The background papers for the 2014 Article IV explore key issues affecting the Indian
economy, and implications for fiscal, monetary, structural, and financial sector policies.
The first chapter uncovers the factors behind the unprecedented widening of India’s
current account deficit in terms of the sectoral savings-investment balance.
Persistently-high inflation is found to have depressed real returns, prompting a surge
in gold imports and a marked deterioration in household financial savings.
The second chapter investigates inward and outward spillovers to and from India. The
results show that output shocks emanating in globally-systemic countries have
important global effects, but their impact on India is limited. Shocks originating in
India have relatively small global implications, but are very important for several South
Asian economies.
The third chapter investigates the role of monetary policy in the context of high and
persistent food and fuel inflation. As the second-round effects on core inflation are
large, in order to durably reduce inflation, monetary policy will need to maintain a tight
stance for a prolonged period of time. In addition, progress on structural reforms to
raise potential growth is critical to reduce the burden on monetary policy.

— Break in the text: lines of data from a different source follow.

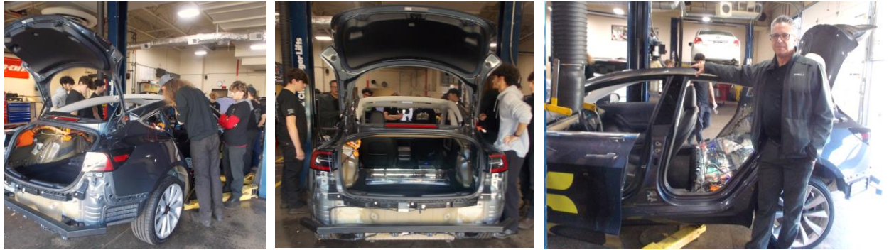
Thanks to Paul Bierker of Allegheny Educational Systems for spending the day with our students and sharing with them the interactive demo electric vehicle used in training automotive students on EV systems.
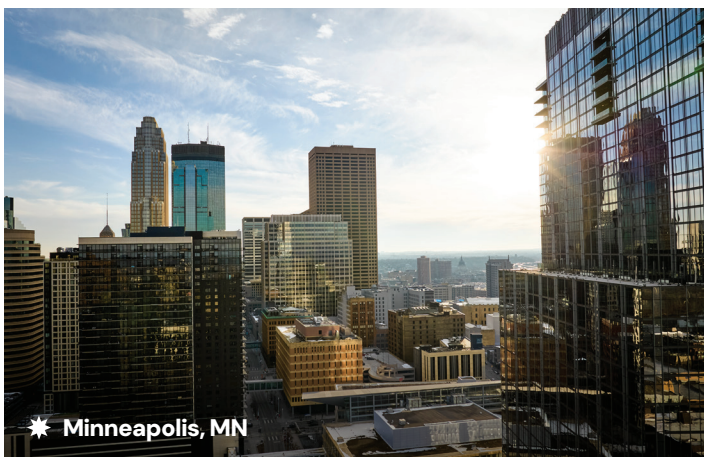
✦ Minneapolis, MN

Drive along the North Shore Scenic Byway, with stops at Gooseberry Falls State Park and Split Rock Lighthouse on the way to Ely. Home of the International Wolf Center and North American Bear Center, Ely is also a gateway to the Boundary Waters Canoe Area Wilderness, the only federally protected canoe area in the U.S.
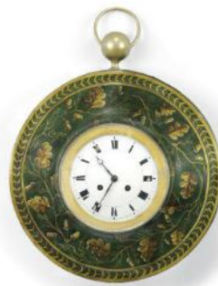
Lot 329 A French Tole-Peinte sedan clock Early 19 th century Estimate: £600-900
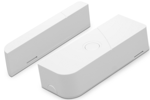
SF571 Universal Transmitter
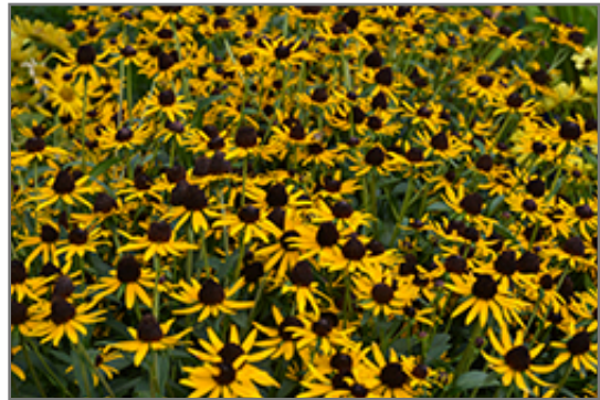
Little Goldstar Coneflower flowers

The fourth chapter explores progress in poverty reduction and inclusive growth.
Robust economic growth has been a major driver of poverty reduction and
inclusiveness. Social expenditures, spending on education, and educational attainment
rates are important for fostering inclusive growth; while macro-financial stability, with
particular attention to inflation risks, is critical for sustaining inclusive growth.
The fifth chapter explores the change in vulnerabilities of India’s non-financial
corporates which has taken place since the global financial crisis (GFC). Based on four
commonly-used indicators of financial strength, vulnerabilities of India’s corporate
sector are found to be higher than at the trough of the GFC, and at their highest since
the early 2000s.
The sixth chapter examines the factors behind the recent investment slowdown in
India. The results suggest that in addition to standard macro-financial variables,
heightened uncertainty and deteriorating business confidence have played an
important role. In contrast, the contribution of interest rates has been minor.
The seventh chapter explores the likely impacts of product and labor market reforms.
Analysis suggests that these reforms can increase employment, boost exports, and
raise potential growth, thereby helping to harness India’s demographic dividend. A
package of reforms would reinforce the gains, minimize short-term costs, and increase
the acceptability of these politically-difficult reforms.